Most of Britain's major High Street banks are among 13 financial and other institutions that have had to sign undertakings to take better care of their rubbish.
A crackdown by the Information Commissioner's Office (ICO) followed a series of incidents where organisations, among them the Post Office and the Immigration Advisory Service, broke data protection rules by dumping customers' personal details in outdoor bins.
In a report published yesterday, the ICO found all 13 in breach of the Data Protection Act. ICO deputy commissioner David Smith said they "carelessly" threw away customer information. The National Consumer Council (NCC) said customers had been put at risk of ID theft.

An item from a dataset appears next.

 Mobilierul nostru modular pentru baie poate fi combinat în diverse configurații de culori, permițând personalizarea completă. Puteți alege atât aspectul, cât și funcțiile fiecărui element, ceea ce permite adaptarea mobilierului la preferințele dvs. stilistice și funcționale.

Ordering them to sign a formal undertaking to comply with the Data Protection Act in future, the privacy watchdog said failure to do so would result in further enforcement action - possibly prosecution.

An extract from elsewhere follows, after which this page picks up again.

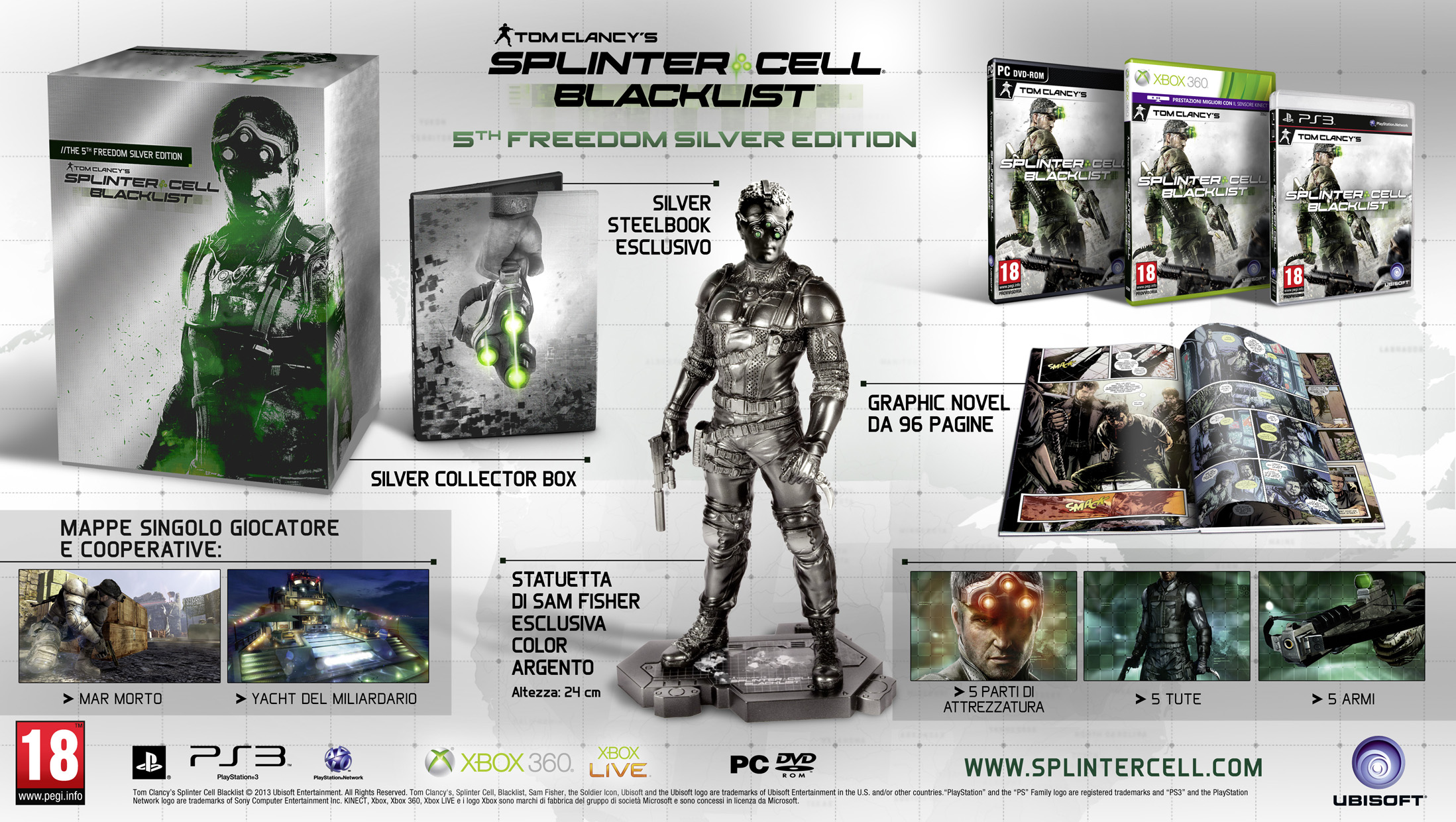 I contenuti della 5th Freedom Silver Edition di Splinter Cell: Blacklist sono illustrati in questo video sull’unboxing. Si tratta dell’edizione più ricca per i fan di Sam Fisher. Oltre al gioco (non sveniamo per la sorpresa) la confezione includerà una statuetta di Sam color argento, il fumetto Splinter Cell Echoes di 96 pagine, una Silver Steelbook, il Silver Collector Box. Acquistare questa edizione vi darà accesso a diversi contenuti da sbloccare come le mappe del Mar Morto e lo Yacht del Miliardario. Ci sarà anche l’attrezzatura extra, armi comprese. Il video spiega però di più di mille parole.

Scotland's big three banks, the Royal Bank of Scotland, Clydesdale and HBOS, were on the list - although only two Scottish branches were involved. At a Glasgow branch of the Royal, a private banking form, computerised printout and a pre-release funds check-list were found in bin outside.
At the Clydesdale's Giffnock branch, items found in bins included a telephone banking form containing a customer's name and contact details, six cash deposit bags showing customers' names and account numbers as well as 22 computerised printouts showing direct debits and bank giro credits to customers' accounts.
Others found in breach were Alliance & Leicester, Scarborough Building Society, NatWest, United National Bank, Barclays Bank, Co-operative Bank, HFC Bank, and Nationwide Building Society. Each of the firms dumped personal information in bins outside their premises, the ICO found.
Mr Smith said: "It's unacceptable for banks and other organisations to carelessly discard customers' information. It's vital banks and other organisations take security seriously.
"If they do not, they not only risk further action from the Information Commissioner, but also risk losing the trust of customers. Individuals must feel confident banks and other organisations are safeguarding their personal information."
Campaign group Scamsdirect.com last year told the ICO that Natwest and the Royal Bank of Scotland had dumped customers' financial details in bins near two branches in Hampshire.
It told the ICO that cut-up credit and debit cards, money deposit details and bank account information were left. The campaign website also told the ICO it found customers' personal details thrown into a post office bin in a street in Southampton.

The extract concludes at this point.